As Christmas is getting closer, you can start making Christmas crafts. Digital crafting allows you to enjoy the season without the expense or waste of paper crafts.
Adobe Illustrator enables you to draw or create any Christmas scene you want. Using the Distort Tool technique, you can easily create a realistic Christmas tree texture in Adobe Illustrator. Once you’ve created the texture of your Christmas tree, it’s easy to add decorations or gifts.
How to make a Christmas tree in Illustrator
Before you add decorations, baubles, a star on top, or twinkling fairy lights, you need to build the tree itself. The texture you are going to create provides the realistic spindles you would find on a real Christmas tree.
These easy steps use simple Adobe Illustrator tools, but the result looks intricate, impressive, and in line with the Christmas spirit.
Step 1: Create a Green Gradient
Start with a blank artboard in Adobe Illustrator. You can stick your finished tree on a different background later. You can also use it to create Christmas cards in Photoshop.
On the toolbar, set the Fill Color swatch to Gradient and the Stroke Color swatch to None. Selecting the gradient swatch should bring up the gradient panel, but if it doesn’t pop up, go to Window > Gradient to open it manually.
On the Gradient panel, double-click the circular switch to the left of the Gradient slider and choose Light Green. Then double-click the right-hand circular swatch on the slider and select Dark Green. You can also choose black. You need enough contrast between the two colors to give your tree some shade.
Create and paste ellipses to fill tree shape
Select the Ellipse Tool (L). Making sure the Fill is set to your green gradient, draw a small ellipse on the artboard—hold down Shift while drawing to keep it an even circle. With the ellipse shape still selected, copy it by pressing Cmd + C (Mac) or Ctrl + C (Windows).
Go to the Layers panel and choose Create New Layer. Then select the Pencil Tool (N) or Paintbrush Tool (B) and draw your rough tree shape. You can choose whatever tree shape you like, perhaps a large triangle or a more varied or natural shape with layers of shapes. Once you have created the tree shape, lock the layer by selecting it in place next to the eye icon on the Layers panel.
Select again the layer with the ellipse on it.

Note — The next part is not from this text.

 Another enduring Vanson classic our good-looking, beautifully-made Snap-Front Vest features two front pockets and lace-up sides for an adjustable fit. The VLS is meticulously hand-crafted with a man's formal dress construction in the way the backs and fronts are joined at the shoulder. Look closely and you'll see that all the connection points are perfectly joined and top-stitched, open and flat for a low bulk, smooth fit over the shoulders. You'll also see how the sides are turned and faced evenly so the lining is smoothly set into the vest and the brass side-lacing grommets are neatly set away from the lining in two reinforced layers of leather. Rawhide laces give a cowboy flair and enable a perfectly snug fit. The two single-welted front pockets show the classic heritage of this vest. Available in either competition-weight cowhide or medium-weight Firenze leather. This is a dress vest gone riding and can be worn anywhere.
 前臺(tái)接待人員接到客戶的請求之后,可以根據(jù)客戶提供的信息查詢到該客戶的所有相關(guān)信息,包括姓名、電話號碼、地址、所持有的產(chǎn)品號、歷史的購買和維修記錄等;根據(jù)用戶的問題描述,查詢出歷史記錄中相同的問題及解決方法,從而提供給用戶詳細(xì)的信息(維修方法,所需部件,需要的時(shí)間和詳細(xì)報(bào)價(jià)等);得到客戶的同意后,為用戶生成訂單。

You are going to paste the circle several times in the shape of your drawn Christmas tree. The rough linework will be on top so you can see it—you’ll remove it later.
Paste your ellipses repeatedly using Cmd + V (Mac) or Ctrl + V (Windows) and arrange them using the Selection Tool (V) until your tree shape is filled. It doesn’t have to be neat. You can layer your circles as you paste for a finished result or place them next to each other for a sparse look at the end.

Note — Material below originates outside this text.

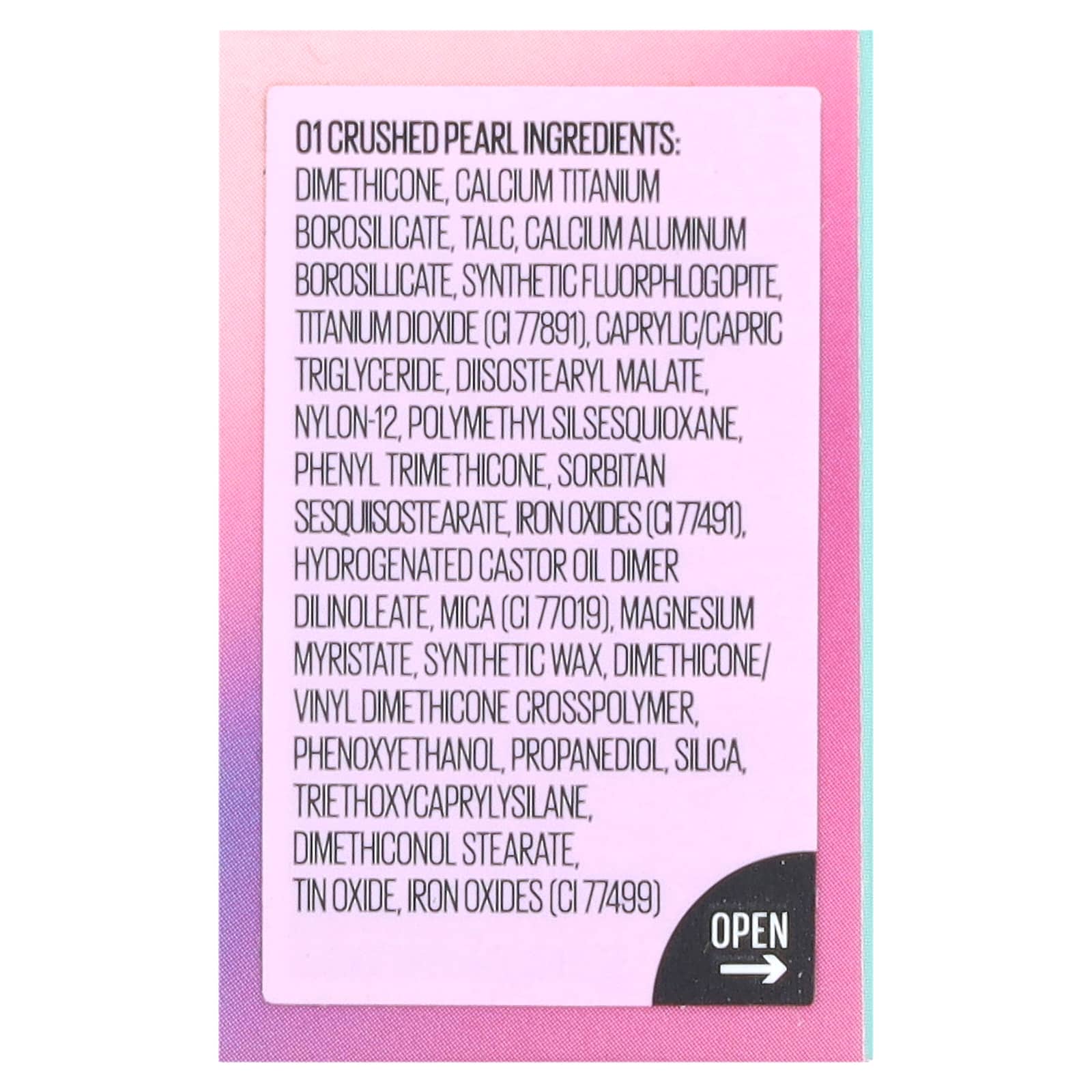 01 жемчужный: диметикон, боросиликат кальция и титана, тальк, кальций алюминий боросиликат, синтетический фторфлогопит, диоксид титана (CI 77891), каприловый/каприновый триглицерид, диизостеарил малат, нейлон-12, полиметилсилсесквиоксан, фенилтриметикон, сорбитан сесквиизостеарат, оксиды железа (CI 77491), гидрогенизированное касторовое масло димердилинолеат, слюда (CI 77019), миристат магния, синтетический воск, диметикон/винил диметикон кроссполимер, феноксиэтанол, пропандиол, диоксид кремния, триэтоксикаприлилсилан, диметиконол стеарат, оксид олова, оксиды железа (CI 77499).

Create Christmas Tree Texture
Once you have filled in your tree shape, hide or delete the outline layer. Then with the Selection Tool (V), click and drag on your tree to select all the circles. Copy the tree selection and paste it outside your artboard—you can use it later to create thicker layers if you want.

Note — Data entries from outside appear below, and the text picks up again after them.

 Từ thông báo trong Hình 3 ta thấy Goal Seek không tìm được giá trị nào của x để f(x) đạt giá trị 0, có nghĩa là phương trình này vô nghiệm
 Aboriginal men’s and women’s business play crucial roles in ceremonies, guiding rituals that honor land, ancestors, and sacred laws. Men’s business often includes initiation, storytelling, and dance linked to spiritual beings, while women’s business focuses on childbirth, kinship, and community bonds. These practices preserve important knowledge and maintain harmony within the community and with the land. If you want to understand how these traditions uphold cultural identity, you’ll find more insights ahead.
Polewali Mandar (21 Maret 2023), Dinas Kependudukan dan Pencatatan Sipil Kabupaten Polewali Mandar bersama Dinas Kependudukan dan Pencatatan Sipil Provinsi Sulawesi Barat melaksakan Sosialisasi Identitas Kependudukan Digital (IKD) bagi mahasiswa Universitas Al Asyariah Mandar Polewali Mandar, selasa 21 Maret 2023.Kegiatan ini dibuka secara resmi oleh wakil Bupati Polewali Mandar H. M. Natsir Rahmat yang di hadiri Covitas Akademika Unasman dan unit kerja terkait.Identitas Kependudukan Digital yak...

Go back to the original tree and select it again by clicking and dragging your cursor over it.
Now you can add the texture of the Christmas tree. Go to Effect > Distort & Transform > Roughen. Set the size between 40% – 80%, but experiment with the desired result. Then set the detail to around 80. When you’re happy with the result, select OK. This is the base of your Christmas tree.
Add Layers for Extra Texture
You can move around different ornaments to give your tree some more dimension. Try rotating some of them so the gradient moves, making some larger or smaller, or arranging some further or further back for more natural layering.
If you want to add more texture and dimension to your tree, take your already glued tree and remove or resize some of the ornaments. This time, group the orbs together after selecting them all by hitting Cmd+G (Mac) or Ctrl+G (Windows).
With this group selected, go to Effects > Distort & Transform > Roughen and set the Roughen settings slightly different than in the previous step. Select OK when you’re happy.
Place this tree group on top of your original tree, then right-click it and choose Arrange > Send to Back. This adds extra texture and hides any gaps, but it’s a completely optional step.